**REQUIRED ACTION**. Leaving the pictures out, transcribe the records below exactly.

[Records excerpted from a collection]

—————

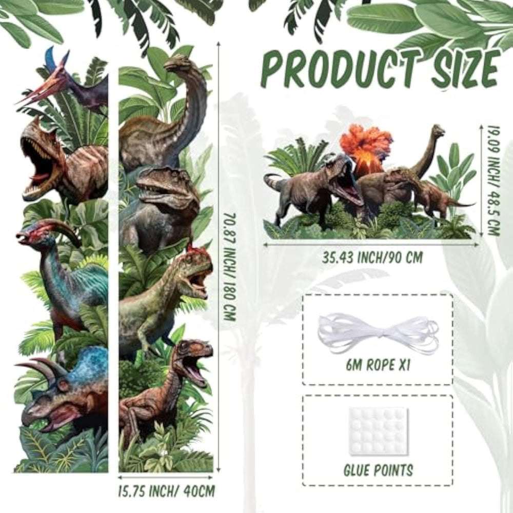 | Dinosaur Birthday Decorations: You'Ll Get A Set Of 3 Dinosaur Door Banners, 19.7Ft/6M Ropes And 1 Sheet Of Glue Points; These Eye-Catching And Lifelike Dinosaur Birthday Decorations Are Ideal For Front Door, Porch, Or Party Entrance, Making A Dramatic Statement For Your Dino-Themed Celebration | | Dinosaur Theme Design: This Dinosaur Door Banner Is Designed With Three-Dimensional Realistic Dinosaur Images And Bush Forest Backgrounds; Dinosaurs In Various Forms, Sharp Teeth And A Wide-Open Mouth Make You Feel Like Encountering A Dinosaur In The Forest, Adding Fun To Any Event | | Material And Size: Our Dinosaur Porch Banner Is Made Of Polyester Fabric, Sturdy And Not Easy To Fade Or Tear, Washable And Reliable; The Banner Height Is About 5.91 Ft/ 1.8 M And Width Is About 35.43 Inch/90 Cm; The Large Dino Photography Backdrop Is Lightweight Washable And Foldable, Allowing For Easy Carrying | | Easy To Use: The Dinosaur Birthday Backdrop Is Designed With Holes, Coming With Sufficient Ropes; Put The String Through The Holes Of The Dino Photo Booth Props Door Banner And Hang Directly, Saving Your Decoration Time; Play Your Imagination To Assemble And Enjoy Diy Fun With Your Family | | Wide Applications: The Dinosaur Photo Background Backdrop Is Suitable For Dinosaur Birthday Parties, School Parties, Community Events, Haunted House, Halloween Party, Spooky Parties; Whether You'Re Decorating Garage Door, Wall, Front Door, Photo Booth Backdrop Or As A Backdrop Inside The Party | |
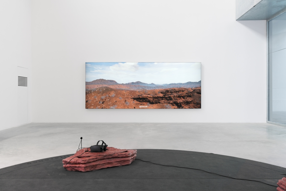 “New Peace” is part of Si Qin’s overarching reach for a non-dualistic understanding of spirituality—one that doesn’t adhere to any concept of divinity, but finds its basis of devotion within the real, physical world. He writes, “New Peace rejects transcendent planes, supernatural realms, or eternal essences because our universe of infinite creativity is sacred and mysterious in and of itself.” But theVR tour of the feverishly-advertised desert region is perhaps a subversion of this dualist “rejection,” offering a grounded and forceful tranquility through digital renderings. They are neither earthly nor martian in origin, lacking any referent to a tangible place. The realization invokes a feeling of a cruise-controlled surprise. You feel sold, though you don’t know what you’re buying.
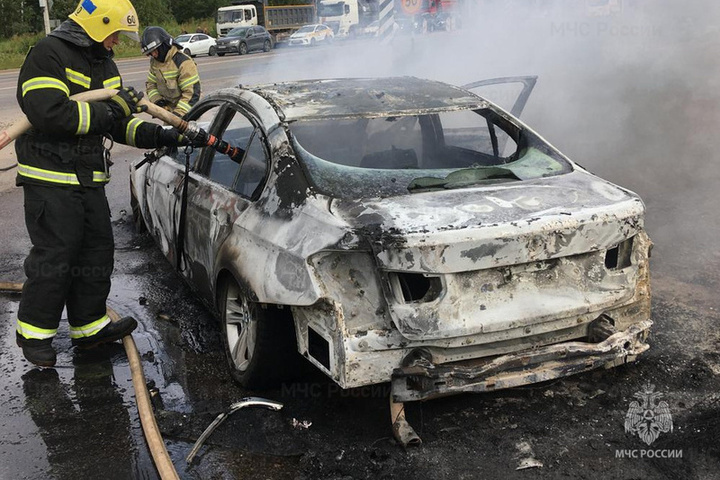 Как сообщает региональное МЧС, в горящем автомобиле людей не было.
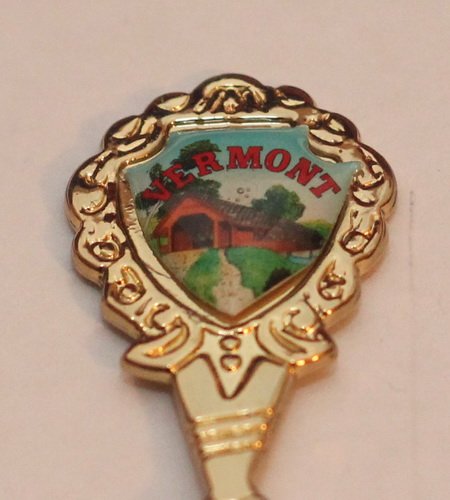 Vermont State Souvenir Gold Plated Collectible Twist Spoon 5" lpco
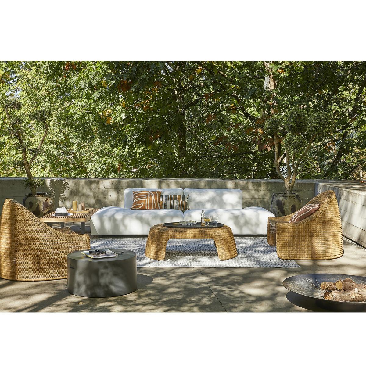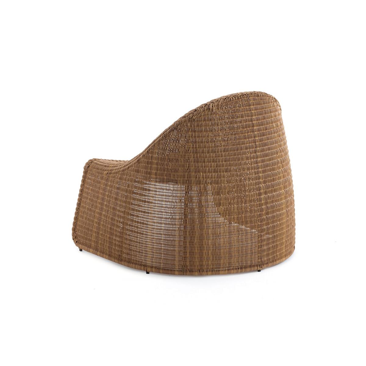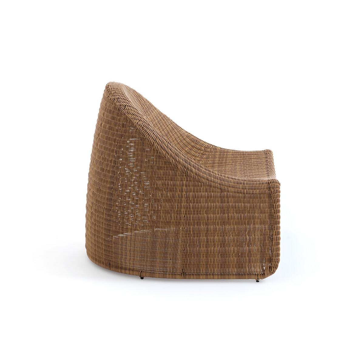 Curvy and rounded, the Sorada outdoor lounge chair invites you to relax. Stackable, it is made of recycled braided plastic.
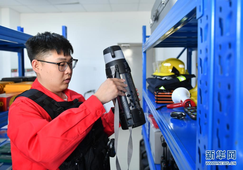 4月28日,巡线队员曹硕进行出发前的准备工作。新华社记者 张博文 摄
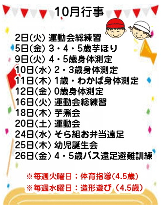 さて今年度の運動会は、あおばインターナショナルスクールをお借りして、開催することとなりました。広い空間で親子で楽しむ運動会!今、運動会に向けエネルギー全開です。当日は、沢山の方の応援を心よりお待ちしております。
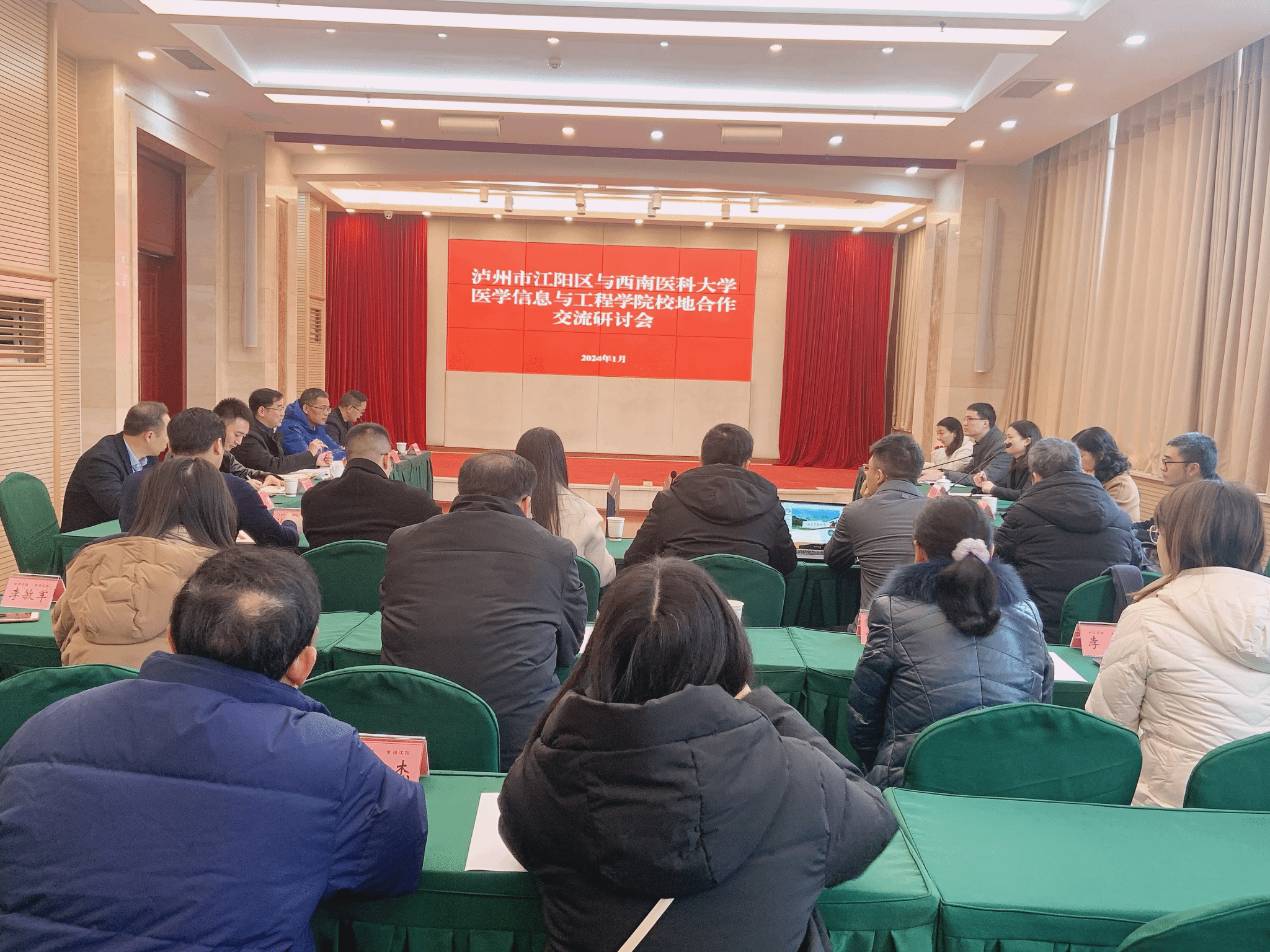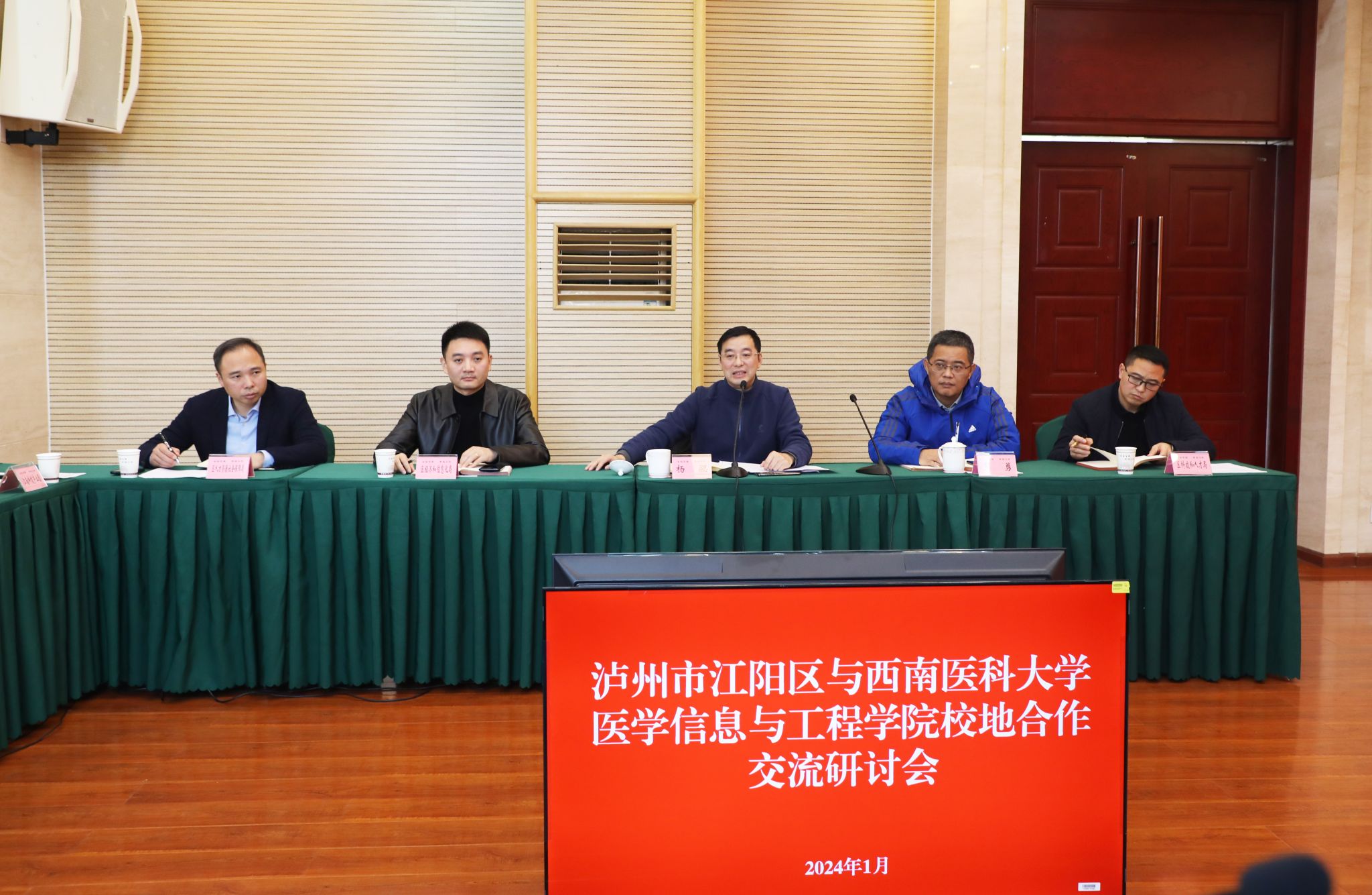 实地参观结束后,全体人员来到了泸州市江阳区人民政府,开展交流研讨。会上,观看了江阳区宣传片,感受到了江阳区先进的科技产业以及繁荣的商业氛围。黄志伟详细介绍了学院的发展历程、科研教学及人才培养情况。在学院博士代表要小鹏、周赟、胡安斌介绍了个人的科研研究成果后,江阳区政协副主席罗勇、经济和信息化局局长黄鹏、科技和人才局局长刘燕强、人力资源和社会保障局局长税邦荣、卫生健康局局长马英、经济合作外事局长魏小龙、江南科技产业园管委会主任吴磊就双方如何开展合作和科研成果转化进行了深入的交流。

—————

**REPLY TO THE EXERCISE**.
 | Dinosaur Birthday Decorations: You'Ll Get A Set Of 3 Dinosaur Door Banners, 19.7Ft/6M Ropes And 1 Sheet Of Glue Points; These Eye-Catching And Lifelike Dinosaur Birthday Decorations Are Ideal For Front Door, Porch, Or Party Entrance, Making A Dramatic Statement For Your Dino-Themed Celebration | | Dinosaur Theme Design: This Dinosaur Door Banner Is Designed With Three-Dimensional Realistic Dinosaur Images And Bush Forest Backgrounds; Dinosaurs In Various Forms, Sharp Teeth And A Wide-Open Mouth Make You Feel Like Encountering A Dinosaur In The Forest, Adding Fun To Any Event | | Material And Size: Our Dinosaur Porch Banner Is Made Of Polyester Fabric, Sturdy And Not Easy To Fade Or Tear, Washable And Reliable; The Banner Height Is About 5.91 Ft/ 1.8 M And Width Is About 35.43 Inch/90 Cm; The Large Dino Photography Backdrop Is Lightweight Washable And Foldable, Allowing For Easy Carrying | | Easy To Use: The Dinosaur Birthday Backdrop Is Designed With Holes, Coming With Sufficient Ropes; Put The String Through The Holes Of The Dino Photo Booth Props Door Banner And Hang Directly, Saving Your Decoration Time; Play Your Imagination To Assemble And Enjoy Diy Fun With Your Family | | Wide Applications: The Dinosaur Photo Background Backdrop Is Suitable For Dinosaur Birthday Parties, School Parties, Community Events, Haunted House, Halloween Party, Spooky Parties; Whether You'Re Decorating Garage Door, Wall, Front Door, Photo Booth Backdrop Or As A Backdrop Inside The Party | |
 “New Peace” is part of Si Qin’s overarching reach for a non-dualistic understanding of spirituality—one that doesn’t adhere to any concept of divinity, but finds its basis of devotion within the real, physical world. He writes, “New Peace rejects transcendent planes, supernatural realms, or eternal essences because our universe of infinite creativity is sacred and mysterious in and of itself.” But theVR tour of the feverishly-advertised desert region is perhaps a subversion of this dualist “rejection,” offering a grounded and forceful tranquility through digital renderings. They are neither earthly nor martian in origin, lacking any referent to a tangible place. The realization invokes a feeling of a cruise-controlled surprise. You feel sold, though you don’t know what you’re buying.
 Как сообщает региональное МЧС, в горящем автомобиле людей не было.
 Vermont State Souvenir Gold Plated Collectible Twist Spoon 5" lpco
 Curvy and rounded, the Sorada outdoor lounge chair invites you to relax. Stackable, it is made of recycled braided plastic.
 4月28日,巡线队员曹硕进行出发前的准备工作。新华社记者 张博文 摄
 さて今年度の運動会は、あおばインターナショナルスクールをお借りして、開催することとなりました。広い空間で親子で楽しむ運動会!今、運動会に向けエネルギー全開です。当日は、沢山の方の応援を心よりお待ちしております。
 实地参观结束后,全体人员来到了泸州市江阳区人民政府,开展交流研讨。会上,观看了江阳区宣传片,感受到了江阳区先进的科技产业以及繁荣的商业氛围。黄志伟详细介绍了学院的发展历程、科研教学及人才培养情况。在学院博士代表要小鹏、周赟、胡安斌介绍了个人的科研研究成果后,江阳区政协副主席罗勇、经济和信息化局局长黄鹏、科技和人才局局长刘燕强、人力资源和社会保障局局长税邦荣、卫生健康局局长马英、经济合作外事局长魏小龙、江南科技产业园管委会主任吴磊就双方如何开展合作和科研成果转化进行了深入的交流。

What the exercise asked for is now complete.